15.75″ (40.0cm) high

Medium

painted wood

Origin

Egypt

Gallery Location

UK


 

This remarkably well-preserved head from a painted, wooden anthropoid sarcophagus depicts the deceased with idealizing facial features. There include the hieroglyphically-designed eyes, with their life-like, sparklingly-alive black pupils framed by painted cosmetic stripes serving as eye brows. The brow of the forehead seamlessly coalesces into the root of the nose, which is itself characterized by well-modeled, drilled wings. The mouth is designed with wide, horizontally aligned lips, the upper slightly less fleshy than the lower; both of its corners are drilled. The overall expression of this face is at once serious and serene, indicative of the state of eternal bliss which the deceased aspired to enjoy in the Hereafter.

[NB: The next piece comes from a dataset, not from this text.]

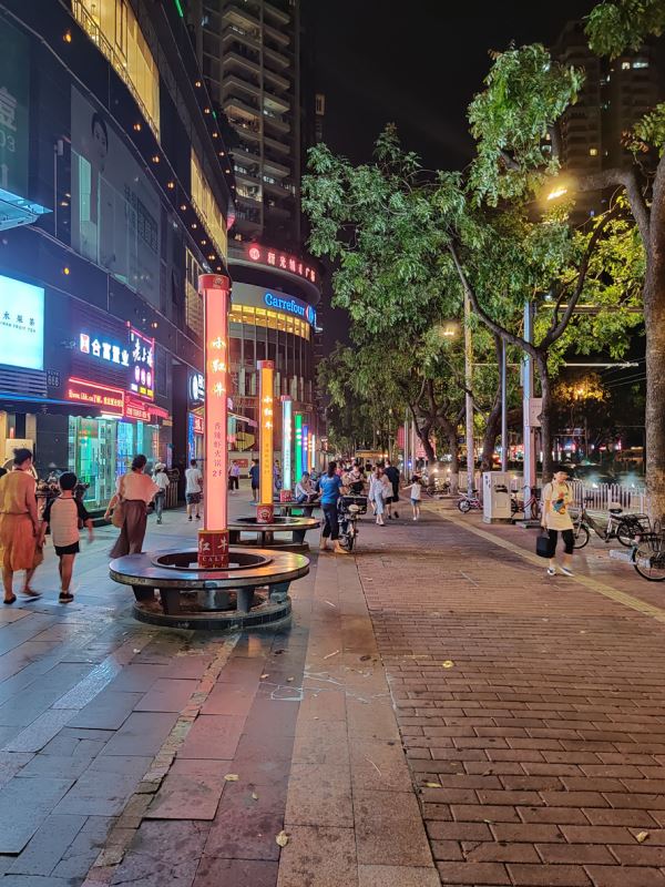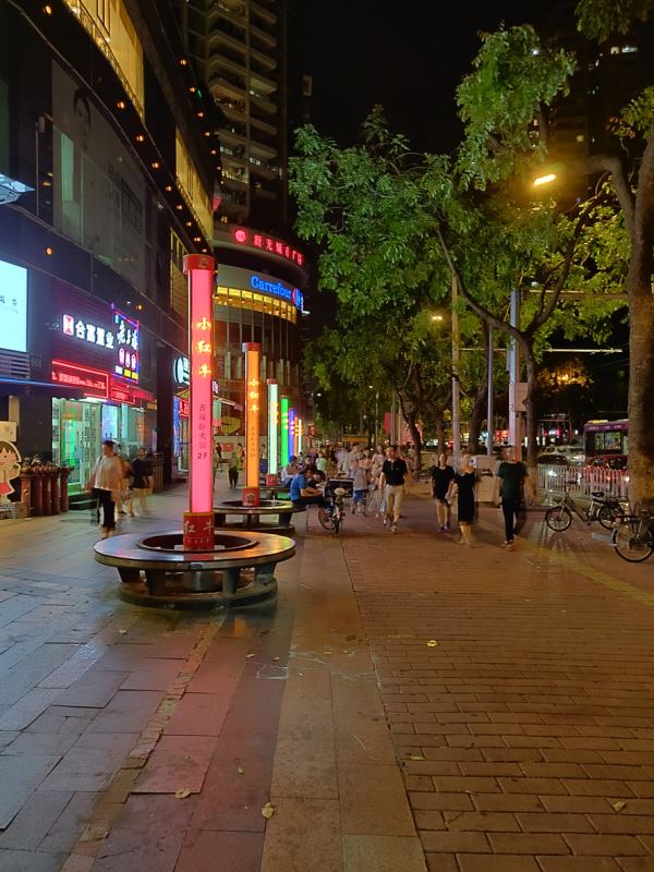 在夜景模式下,一加手机7 Pro在拍摄灯光的时候会偏亮一些,因此灯光的颜色反而不如一加手机6T的真实,但是在图像细节上会更加清晰和明确,例如上图街道中的污渍,一加手机7 Pro很好地展现了出来,但一加手机6T则几乎看不见了。不过由于两款手机的夜景模式都是通过多张照片合成得来的,因此如果你的画面中有运动物体,那么最终出片的时候,各种残影几乎不可避免,这方面就需要一加进行更多的优化来解决了。

A separately crafted false beard has been attached beneath the chin by a mortise-and-tenon system. This beard, the hair of which has been plaited into a braid-like design, ends in slight, upward curve. Such a curving, plaited beard is generally an insignia of Osiris, god of the Hereafter, with whom the deceased is identified. Such a beard originally imbued Osiris with sexual potency and that efficacious power is here transferred to the deceased. The deceased’s resurrection in the Hereafter, couched in terms of human procreation, is, therefore, implied by the presence of this beard.

The deceased is depicted wearing a striated wig, only the horizontal stripes of which still appear, but perfectly preserved, above his forehead. This wig was covered with a series of horizontal bands, mostly floral in design, with three large lotus blossoms suspended upside down from the first fillet just above the horizontal striations of the wig. These floral forms are likewise symbolic, imbuing the deceased with regenerative powers of the floral kingdom, the species of which sprout after a period of dormancy.

This magnificently preserved and utterly striking example can be dated to the Ramesside Period of Dynasty XIX on the basis of parallels in London’s British Museum and in Brussels’ Musées Royaux d’Art et d’Histoire.